◆ **Exercise brief**:
The lines from the start of the records below through the line containing "资产重大变化方面,截至202" are to be copied exactly, both ends included, with nothing added.

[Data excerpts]
● ● ● ● ●
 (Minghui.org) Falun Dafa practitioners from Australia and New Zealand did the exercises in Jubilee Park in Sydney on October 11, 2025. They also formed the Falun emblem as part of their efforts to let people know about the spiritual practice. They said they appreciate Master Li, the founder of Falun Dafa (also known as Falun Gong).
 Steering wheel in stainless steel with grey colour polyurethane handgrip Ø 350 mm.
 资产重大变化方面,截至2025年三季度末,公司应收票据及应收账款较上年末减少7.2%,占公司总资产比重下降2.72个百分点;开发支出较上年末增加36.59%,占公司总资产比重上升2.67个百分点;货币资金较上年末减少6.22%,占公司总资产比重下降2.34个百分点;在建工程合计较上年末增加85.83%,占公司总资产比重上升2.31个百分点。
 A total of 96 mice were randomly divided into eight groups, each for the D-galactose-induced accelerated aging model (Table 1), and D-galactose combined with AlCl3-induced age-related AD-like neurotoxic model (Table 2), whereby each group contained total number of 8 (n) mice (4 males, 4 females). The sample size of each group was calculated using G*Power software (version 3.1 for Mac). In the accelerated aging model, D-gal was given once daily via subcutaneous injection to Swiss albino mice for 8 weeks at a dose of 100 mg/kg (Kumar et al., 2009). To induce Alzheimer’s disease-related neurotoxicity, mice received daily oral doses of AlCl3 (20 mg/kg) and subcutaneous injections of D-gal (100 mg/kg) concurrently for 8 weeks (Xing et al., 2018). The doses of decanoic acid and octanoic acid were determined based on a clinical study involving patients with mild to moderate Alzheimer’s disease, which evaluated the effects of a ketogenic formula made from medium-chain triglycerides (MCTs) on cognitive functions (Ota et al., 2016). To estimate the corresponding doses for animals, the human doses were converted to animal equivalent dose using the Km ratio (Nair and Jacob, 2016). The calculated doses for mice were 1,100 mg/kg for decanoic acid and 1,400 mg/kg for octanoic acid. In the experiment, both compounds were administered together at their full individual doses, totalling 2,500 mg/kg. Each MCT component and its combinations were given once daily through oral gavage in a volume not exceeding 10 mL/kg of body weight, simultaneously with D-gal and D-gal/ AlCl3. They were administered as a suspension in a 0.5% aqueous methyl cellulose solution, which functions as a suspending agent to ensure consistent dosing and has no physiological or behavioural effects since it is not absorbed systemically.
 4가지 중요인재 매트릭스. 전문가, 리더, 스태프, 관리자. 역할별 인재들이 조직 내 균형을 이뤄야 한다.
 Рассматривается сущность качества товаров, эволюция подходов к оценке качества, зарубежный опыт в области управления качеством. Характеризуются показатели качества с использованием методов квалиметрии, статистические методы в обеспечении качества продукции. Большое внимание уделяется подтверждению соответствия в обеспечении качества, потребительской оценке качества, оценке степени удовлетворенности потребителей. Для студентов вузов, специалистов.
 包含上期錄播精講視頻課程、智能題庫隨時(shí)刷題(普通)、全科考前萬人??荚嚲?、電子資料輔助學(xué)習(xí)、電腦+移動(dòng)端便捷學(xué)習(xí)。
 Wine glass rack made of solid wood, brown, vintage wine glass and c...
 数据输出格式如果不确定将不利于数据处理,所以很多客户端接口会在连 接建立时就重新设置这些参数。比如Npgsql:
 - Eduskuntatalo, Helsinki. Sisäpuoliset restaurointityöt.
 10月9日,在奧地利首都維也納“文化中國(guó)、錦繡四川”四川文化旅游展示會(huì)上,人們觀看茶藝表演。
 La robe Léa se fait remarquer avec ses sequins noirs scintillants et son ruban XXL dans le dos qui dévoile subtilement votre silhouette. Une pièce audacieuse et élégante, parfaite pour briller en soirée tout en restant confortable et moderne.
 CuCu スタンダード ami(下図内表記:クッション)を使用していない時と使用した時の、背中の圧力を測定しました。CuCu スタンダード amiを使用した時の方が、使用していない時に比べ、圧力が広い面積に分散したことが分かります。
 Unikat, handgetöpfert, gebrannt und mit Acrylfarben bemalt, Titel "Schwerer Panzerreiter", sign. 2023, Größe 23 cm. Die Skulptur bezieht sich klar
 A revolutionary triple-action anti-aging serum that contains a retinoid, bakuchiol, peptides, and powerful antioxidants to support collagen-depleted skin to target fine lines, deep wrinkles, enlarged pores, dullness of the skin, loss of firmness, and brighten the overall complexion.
● ● ● ● ●
◆ **Solved exercise**:
 (Minghui.org) Falun Dafa practitioners from Australia and New Zealand did the exercises in Jubilee Park in Sydney on October 11, 2025. They also formed the Falun emblem as part of their efforts to let people know about the spiritual practice. They said they appreciate Master Li, the founder of Falun Dafa (also known as Falun Gong).
 Steering wheel in stainless steel with grey colour polyurethane handgrip Ø 350 mm.
 资产重大变化方面,截至2025年三季度末,公司应收票据及应收账款较上年末减少7.2%,占公司总资产比重下降2.72个百分点;开发支出较上年末增加36.59%,占公司总资产比重上升2.67个百分点;货币资金较上年末减少6.22%,占公司总资产比重下降2.34个百分点;在建工程合计较上年末增加85.83%,占公司总资产比重上升2.31个百分点。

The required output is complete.